3. There is a much bigger difference between the effective and marginal tax rate in the US than in other countries. Note that the average effective tax rate across companies is less than 30% whereas the marginal tax rate in the US is close to 40% (with state and local taxes). The difference is far smaller in countries with simpler tax codes. In Japan, for instance, the marginal tax rate is 41% but the average effective tax rate is 38%.
Having laid that data question to rest, here are my thoughts on the tax policy questions, for what they are worth.
1. Investment decisions should be driven by economics and not the tax code: The more complexities (and goodies) that we build into the tax code, the more we risk having investment decisions determined by tax law and not by economics. I would rather have all companies pay a 25% tax rate on taxable income, with no special deductions and credits, than have an average tax rate of 25% with wide variations across investments and companies.
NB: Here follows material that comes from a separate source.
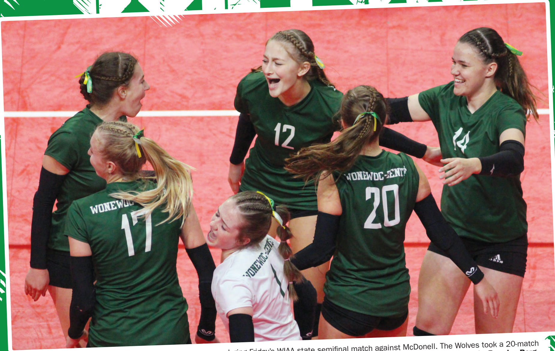
The Wonewoc-Center volleyball team celebrates a score during Friday's WIAA state semifinal match against McDonell. The Wolves took a 20-match win streak into the state tournament before losing to the eventual state champs 3-0 at the Resch Center in Green Bay.

2. Borrowing decisions are driven by marginal tax rates: Decisions by firms on how much to borrow are driven by the marginal tax rate and having a high marginal tax rate will induce more borrowing across the board. If you use load the tax code with deductions and credits, you have to raise the marginal tax rate to compensate and with it, you raise the amount of debt that companies will carry. If we truly want to bring down financial leverage at US companies, we have to start by making the marginal tax rate lower.
Do I think that this latest move to simplify the tax code and lower tax rates will work? I am not hopeful and here is why. To keep that change revenue-neutral, we also have to start stripping the tax code of some of the deductions and credits. Unfortunately, that will make it a zero-sum game, at least in the short term, where some sectors will have to pay more in taxes while others will save. In the long term, I believe it will make the economy stronger, but who has the patience of the long run, when it comes to taxes?